++++ RECORD EXTRACTS
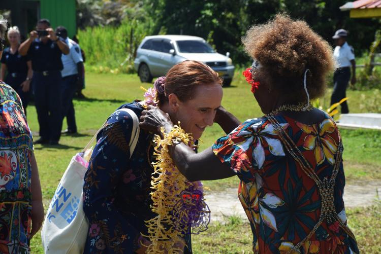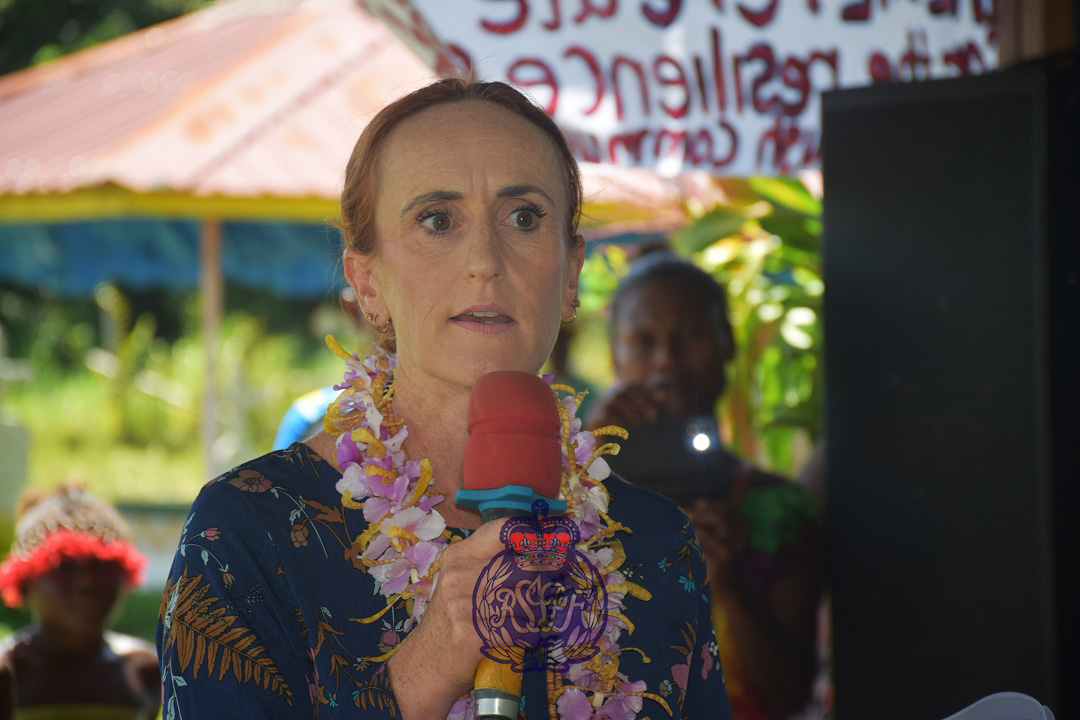 A woman leader from Kapinauovu welcomed the Deputy New Zealand High Commissioner to the Solomon Islands before the launching of the bylaw.
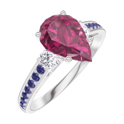 « L'ATELIER » Nº168236Ring White gold 9 carats - Ruby Pear 1 Carats - Ring settings Diamond white - Setting Blue Sapphire
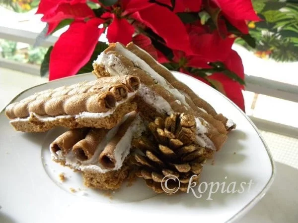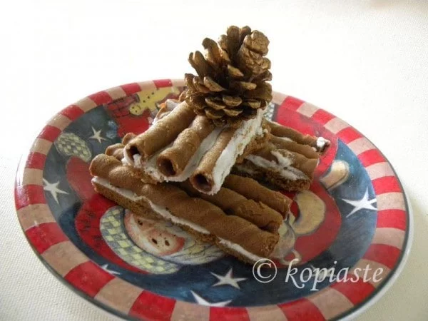 The wafer cigars were intended for the decoration of the gingerbread house and the frosting was ready,  so I cut the biscuit the size of the cigars and spread some sugar frosting to glue them to the biscuit.
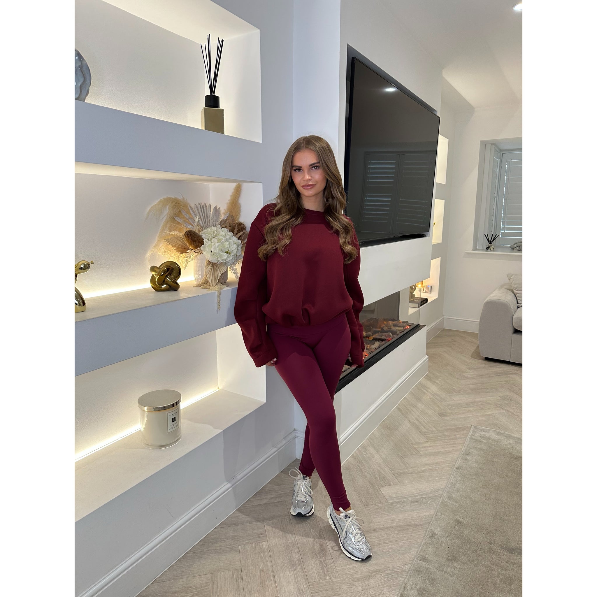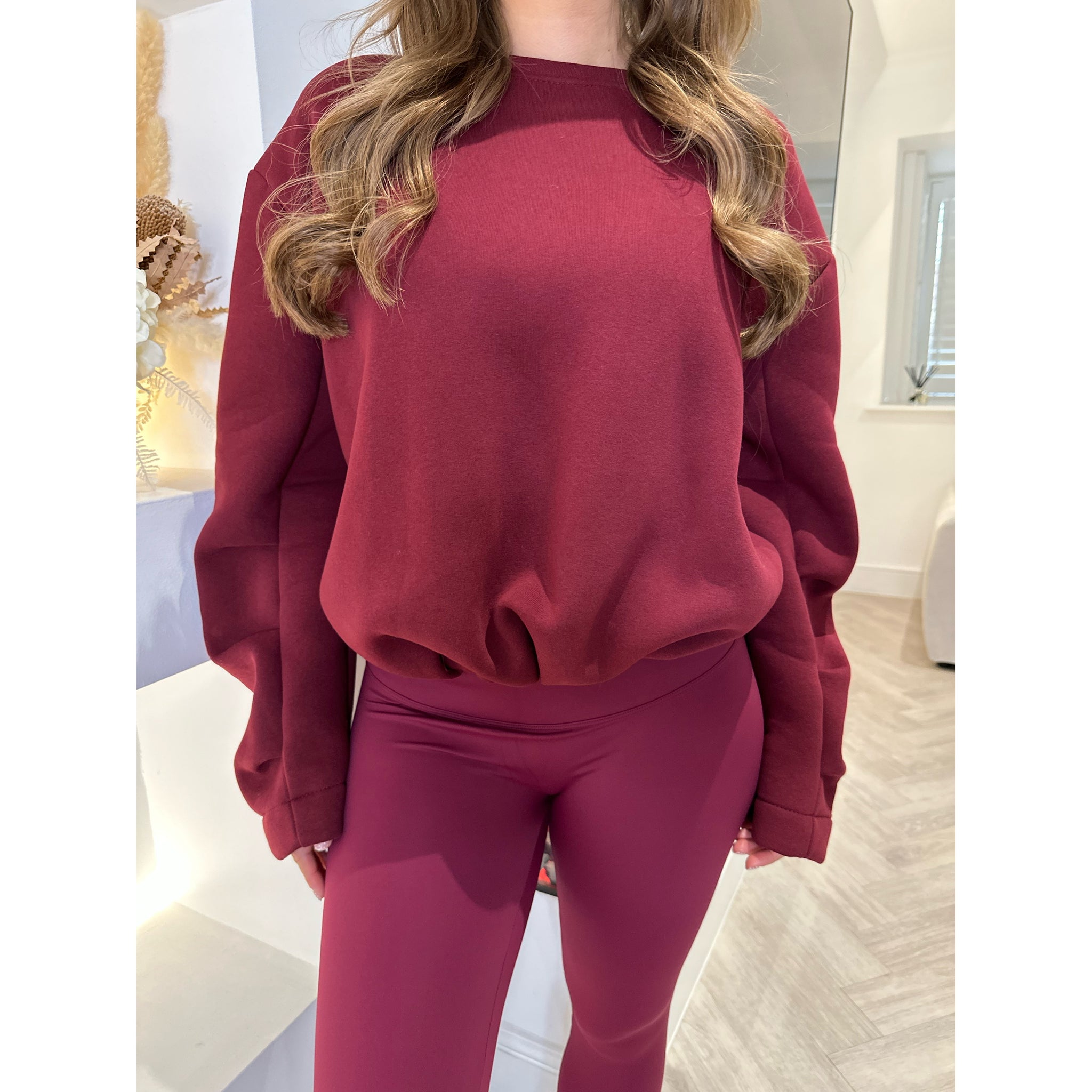 Burgundy Elasticated Hem Fleece Lined Jumper
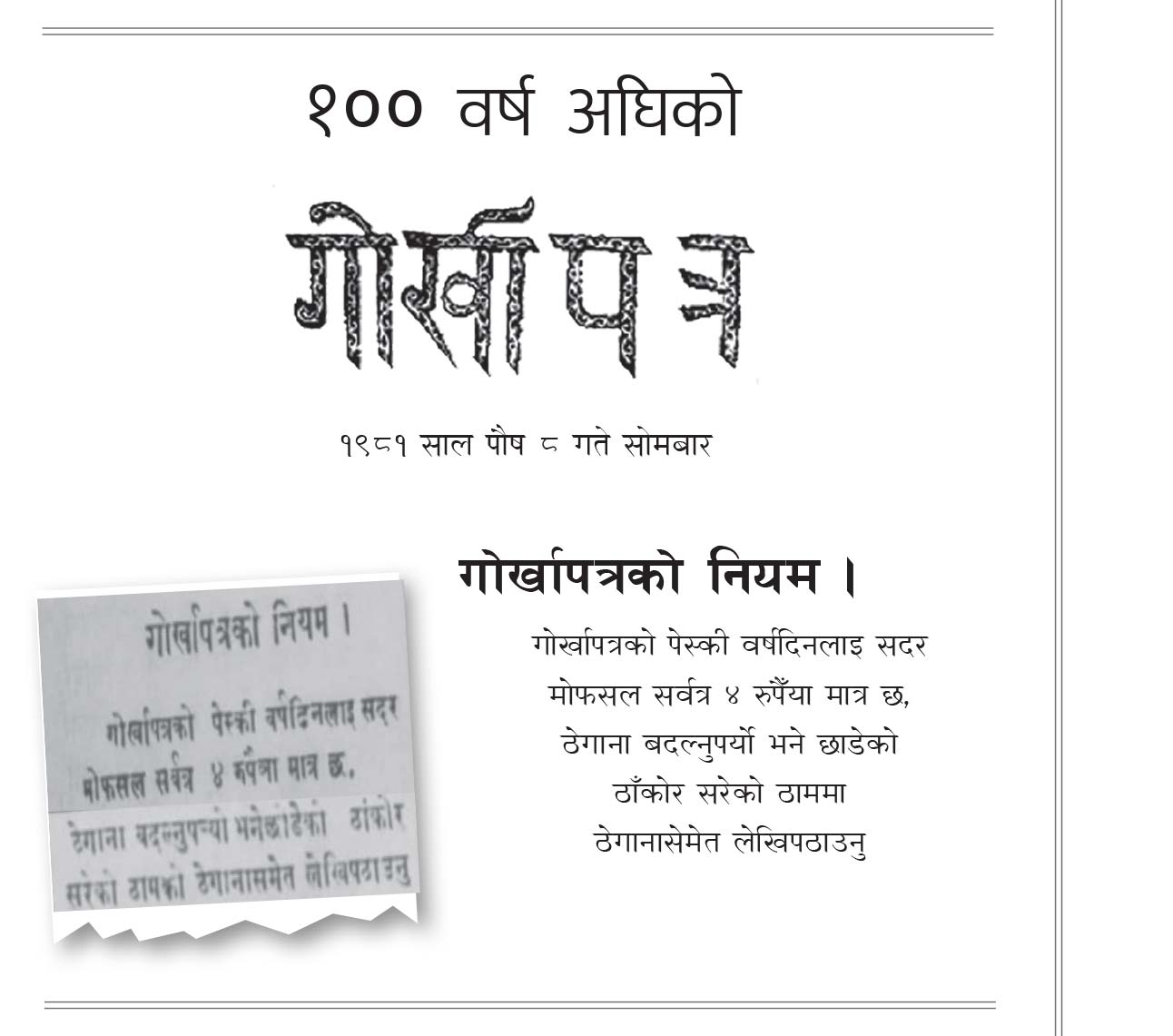१०० वर्ष अघिको गोर्खापत्र
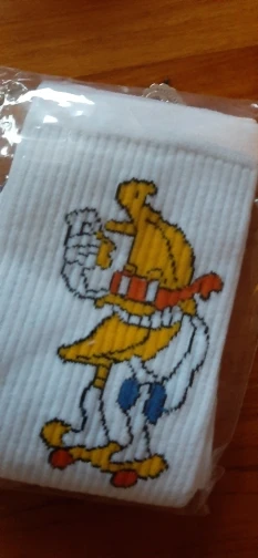Носки шли достаточно долго. Качество отличное, сидят плотненько, принт растягивается, чуть-чуть побольше бы размер, а так нормас.
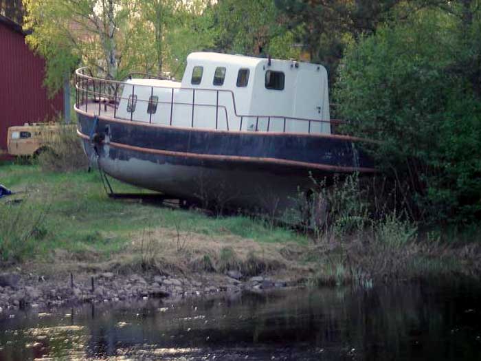 I oktober 2002 anlände den här gamla båten hit till Ångriket, där mark har ställts till förfogande för temporär uppställning.
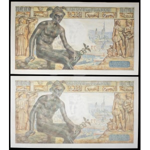 FRANCE - FRANCE Lot (2) - 1000 francs type “Déesse Déméter” 5-11-1942 et 19-11-1942.…
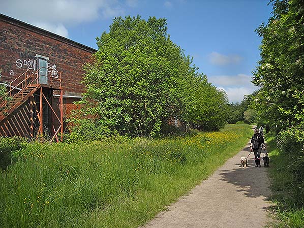 ![]() Looking north from a few yards north of Fieldhouse Road along the trackbed of the former Facit Branch on 2 June 2016. The wall of the old Fieldhouse Mills is seen to the left; behind the trees it curves left following the alignment of the railway. The mills were rail-served until the 1950s. On this warm, sunny day the route is providing a welcome ‘green corridor’ through the northern suburbs of Rochdale for quiet strolls, with or without dogs for company. Photo by Alan Young
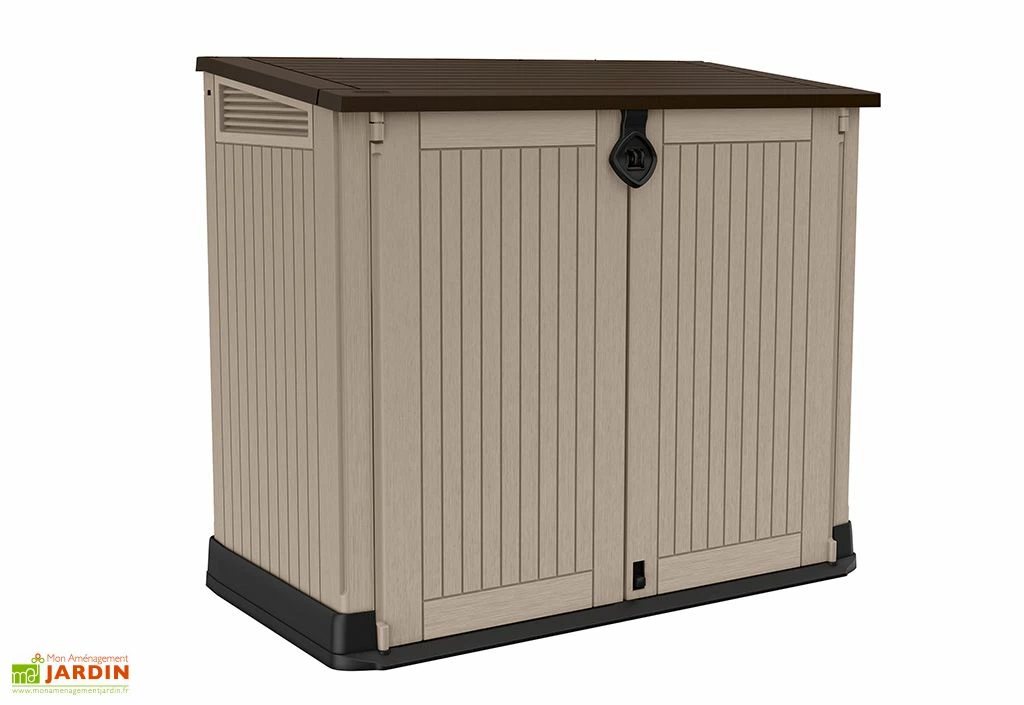 Ce coffre de jardin Chalêt-Jardin est extrêmement polyvalent. Son design et sa capacité de 880 L lui permettent en effet de contenir toutes sortes d’équipements comme du matériel de bricolage ou des outils de jardinage mais aussi du petit mobilier de jardin, par exemple. Il pourra également faire office d’abri à poubelles grâce à la présence d’une double porte frontale de 108 x 102 cm et à son couvercle pensés pour faciliter la manipulation et le remplissage des bennes.
++++++++
__PROMPT__
Using the material above, restate word for word the lines from the line that has "I oktober 2002" to the last line, inclusive, with pictures omitted.

__SOLUTION FOR THIS EXERCISE__
 I oktober 2002 anlände den här gamla båten hit till Ångriket, där mark har ställts till förfogande för temporär uppställning.
 FRANCE - FRANCE Lot (2) - 1000 francs type “Déesse Déméter” 5-11-1942 et 19-11-1942.…
 ![]() Looking north from a few yards north of Fieldhouse Road along the trackbed of the former Facit Branch on 2 June 2016. The wall of the old Fieldhouse Mills is seen to the left; behind the trees it curves left following the alignment of the railway. The mills were rail-served until the 1950s. On this warm, sunny day the route is providing a welcome ‘green corridor’ through the northern suburbs of Rochdale for quiet strolls, with or without dogs for company. Photo by Alan Young
 Ce coffre de jardin Chalêt-Jardin est extrêmement polyvalent. Son design et sa capacité de 880 L lui permettent en effet de contenir toutes sortes d’équipements comme du matériel de bricolage ou des outils de jardinage mais aussi du petit mobilier de jardin, par exemple. Il pourra également faire office d’abri à poubelles grâce à la présence d’une double porte frontale de 108 x 102 cm et à son couvercle pensés pour faciliter la manipulation et le remplissage des bennes.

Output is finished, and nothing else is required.